– Pierre Jolivet ; 2017 –

En nous plongeant dans le quotidien d’une brigade de pompiers, Pierre Jolivet éclaire un métier qui, en dehors des clichés usités, reste encore méconnu. Un film aux allures de documentaire qui, malgré ses lourdeurs, n’en demeure pas moins une agréable surprise.

Ce qui marque d’emblée concernant Les Hommes du feu est le rythme de l’oeuvre, mise au pas par la brigade qu’elle poursuit tout du long. Un film énergique qui décortique avec précision le quotidien d’une caserne de l’Aude, menée par le lieutenant Philippe, interprété avec brio par Roschdy Zem. Un quotidien brusqué par l’arrivée de Bénédicte alias Béné (convaincante Emilie Dequenne), nouveau sous-lieutenant dont le genre ne passera pas inaperçu. Bien consciente de la vigilance et des clichés qu’elle devra affronter, la jeune femme redouble de motivation pour s’affirmer comme l’égale de ses collègues. Dès sa première mission, la pompière est confrontée à un grave accident qui mettra à rude épreuve ses compétences de leader. Une virée catastrophe qui affaiblira considérablement la confiance en soi de l’héroïne et placera toute sa caserne dans une position délicate face à la justice et à la commune. Des problématiques juridiques et économiques qu’aborde Pierre Jolivet au film de son long-métrage, renforçant le réalisme inhérent aux Hommes du feu et offrant un tableau complet du quotidien d’une brigade de pompiers.
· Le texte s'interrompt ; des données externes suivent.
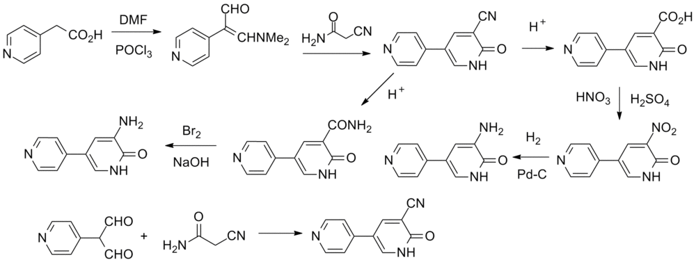 - ^ Alousi A.A.; Farah A.E.; Lesher G.Y.; Opalka C.J. (1979). "Cardiotonic Activity of Amrinone- Win 40680 [5-Amino-3, 4- bipyridin- 6(1H)-one]". Circulation. 45 (5): 666–677. doi:10.1161/01.RES.45.5.666. PMID 39684.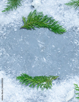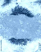 Christmas celebration concept frame with artificial snow and winter holiday decoration. Top view. Copy space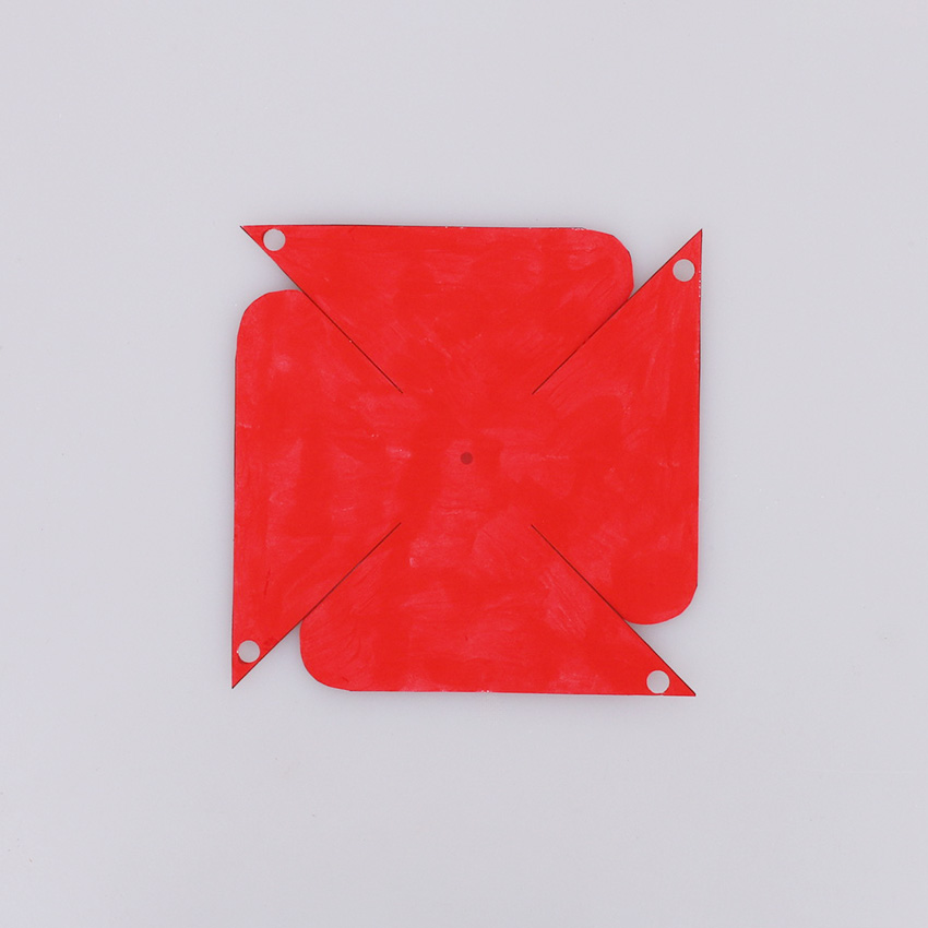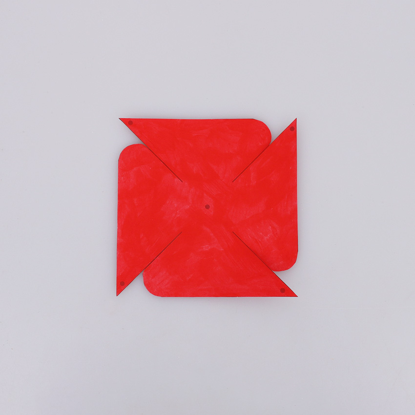 • Step 4Take one of your template pieces. Bend each point of the paper to the centre and align all the holes with the middle grey dot. Push the paper fastener through the holes and the grey dot on the poppy.

Un aspect documentaire qui est également visible dans la mise en scène du film, s’attardant tour à tour sur les petits détails de chaque intervention – préparation des pompiers et de leur matériel, enquête juridique sur un feu suspect – mais aussi à l’aspect spectaculaire des incendies, démonstration à la fois grandiose et dévastatrice d’un phénomène naturel.

Studio Canal

Happé par le rythme soutenu du long-métrage, le spectateur fait la rencontre d’une multitude de personnages et entre dans l’intimité de la brigade. Là encore, la caméra de Pierre Jolivet se montre précise et incisive et nous permet d’appréhender les relations tissées entre les membres de la caserne. Des scènes qui retranscrivent à la fois l’unité représentative de la brigade, réunie par un même souci du bien commun, mais également les dissensions qui la déchirent. La relation entre Bénédicte et Xavier (Michaël Abiteboul qu’on adore retrouver depuis Les Revenants) se montre ainsi intéressante, sombrant toutefois progressivement dans une lourdeur épuisante. Les clichés sexistes prodigués quotidiennement par le pompier au sujet de sa nouvelle partenaire traduisent, et c’est bien nécessaire, la composition majoritairement masculine des corps de pompiers. Éclairants, ces échanges n’en demeurent pas moins agaçants et finissent par s’empêtrer dans le sexisme de Xavier, mâle dominant pour qui la direction d’une femme est « contre-nature », déchiré entre son « instinct primaire de protection » et ses convictions machistes.

Studio Canal

Alourdi par des intrigues secondaires qu’il s’épuise à développer, Les Hommes du feu se révèle toutefois être une agréable surprise. Malgré ses relents de paternalisme et de machisme, distillés ça et là au fil du récit et représentatifs – on veut bien le croire – d’une réalité constatée par le réalisateur, l’oeuvre est sauvée par son sens du détail et quelques belles séquences d’émotions. Au cœur de ces scènes : Roschdy Zem, pilier central du film et acteur ici irréprochable. Même si son personnage n’échappe pas à certains clichés – je ne citerais ici qu’une leçon paternaliste donnée à un mystérieux pyromane – l’interprète incarne la qualité principale des Hommes du feu qui n’est autre que sa sincérité. À voir en salles pour se faire une idée, que l’on soit homme, ou femme.